#### Your objective
In the listing that follows, print every line exactly and leave the images out.

#### Source data
*** Block opens ***
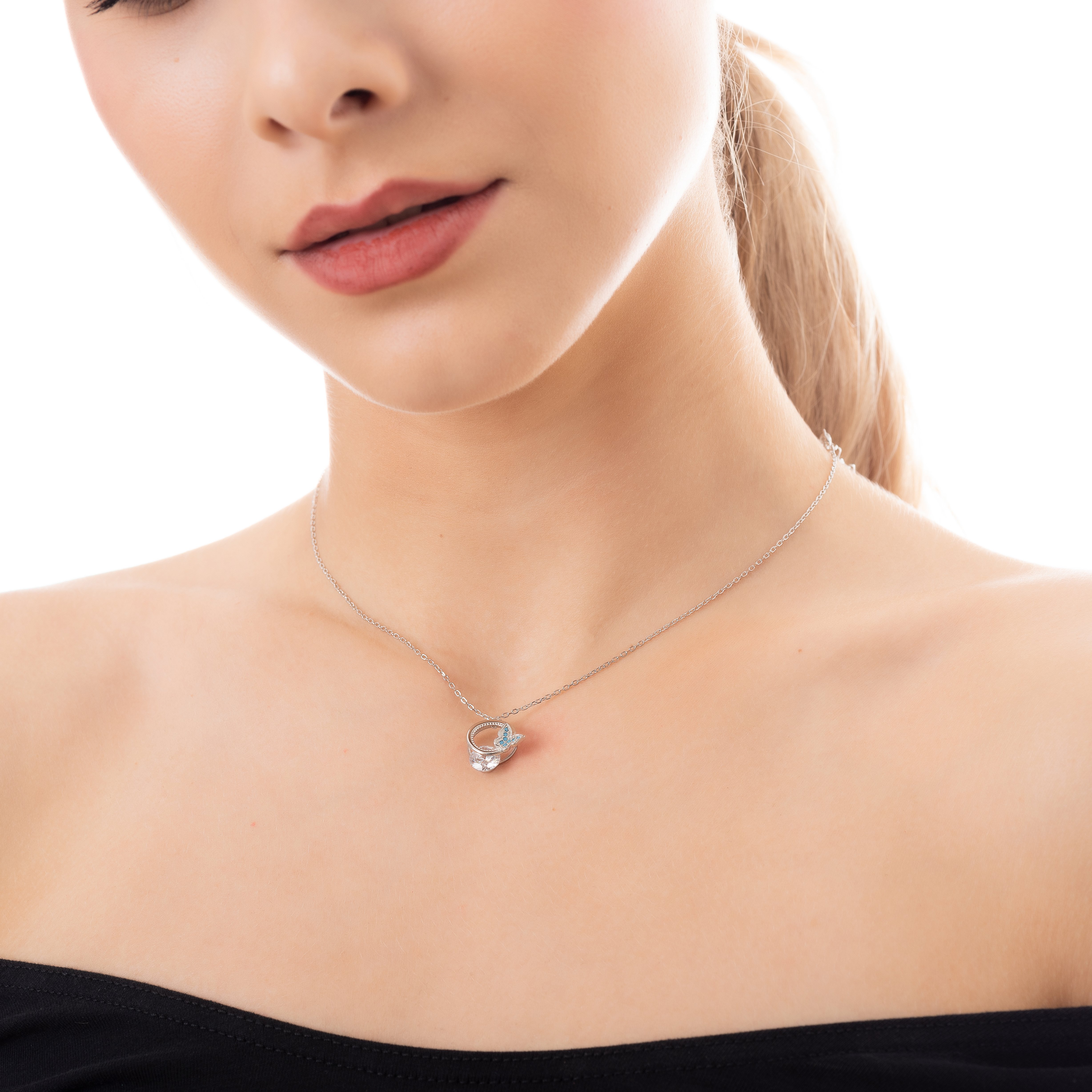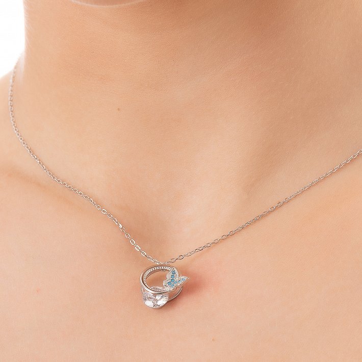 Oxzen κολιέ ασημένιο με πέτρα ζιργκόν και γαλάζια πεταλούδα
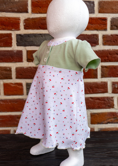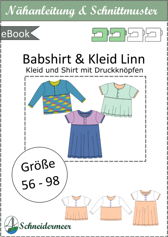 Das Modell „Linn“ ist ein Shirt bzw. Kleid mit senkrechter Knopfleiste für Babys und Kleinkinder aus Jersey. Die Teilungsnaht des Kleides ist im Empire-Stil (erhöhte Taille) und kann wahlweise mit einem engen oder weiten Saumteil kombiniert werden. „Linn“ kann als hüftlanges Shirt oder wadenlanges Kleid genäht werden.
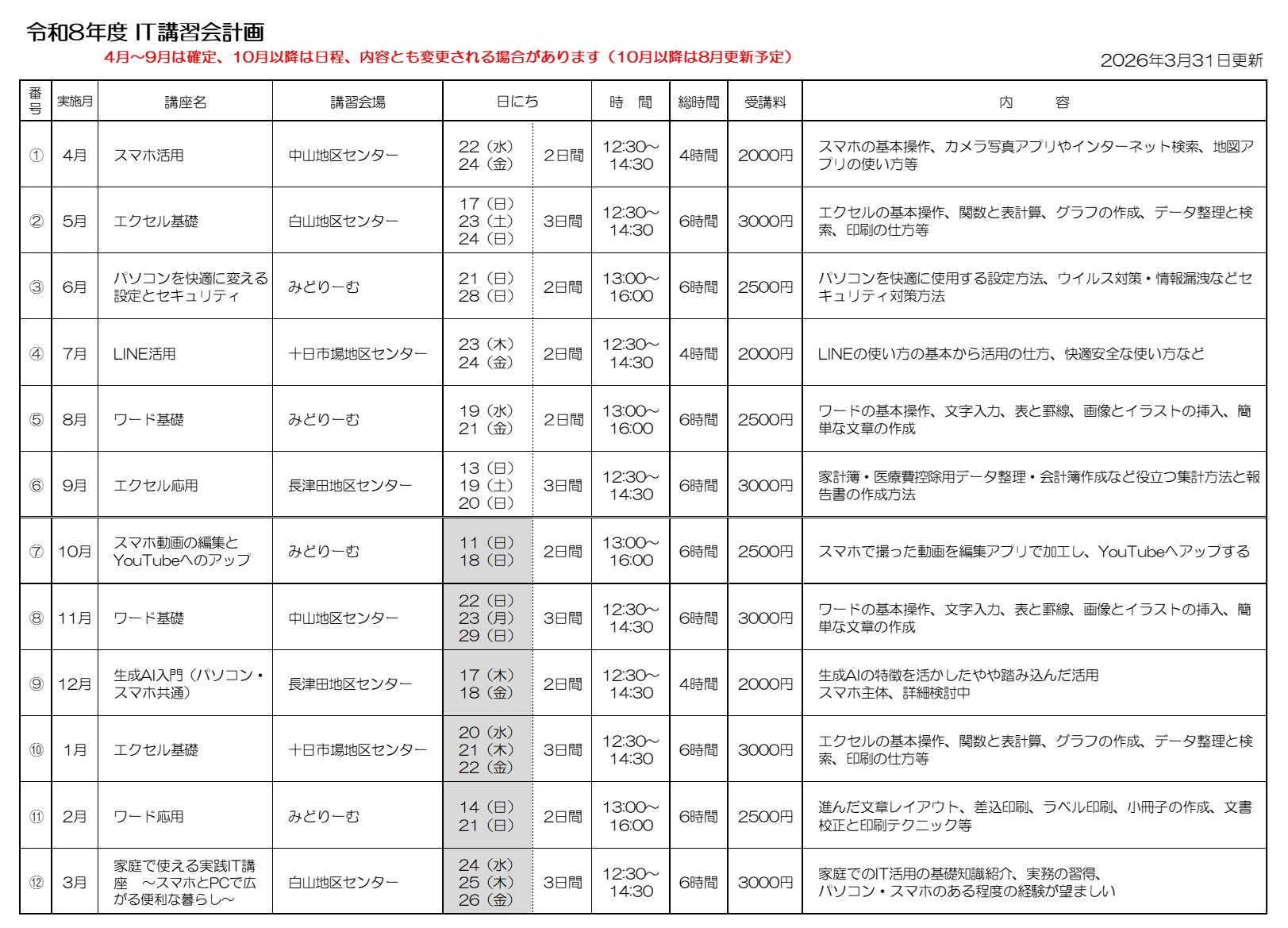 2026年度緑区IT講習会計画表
*** Block closes ***
#### Answer for the task
 Oxzen κολιέ ασημένιο με πέτρα ζιργκόν και γαλάζια πεταλούδα
 Das Modell „Linn“ ist ein Shirt bzw. Kleid mit senkrechter Knopfleiste für Babys und Kleinkinder aus Jersey. Die Teilungsnaht des Kleides ist im Empire-Stil (erhöhte Taille) und kann wahlweise mit einem engen oder weiten Saumteil kombiniert werden. „Linn“ kann als hüftlanges Shirt oder wadenlanges Kleid genäht werden.
 2026年度緑区IT講習会計画表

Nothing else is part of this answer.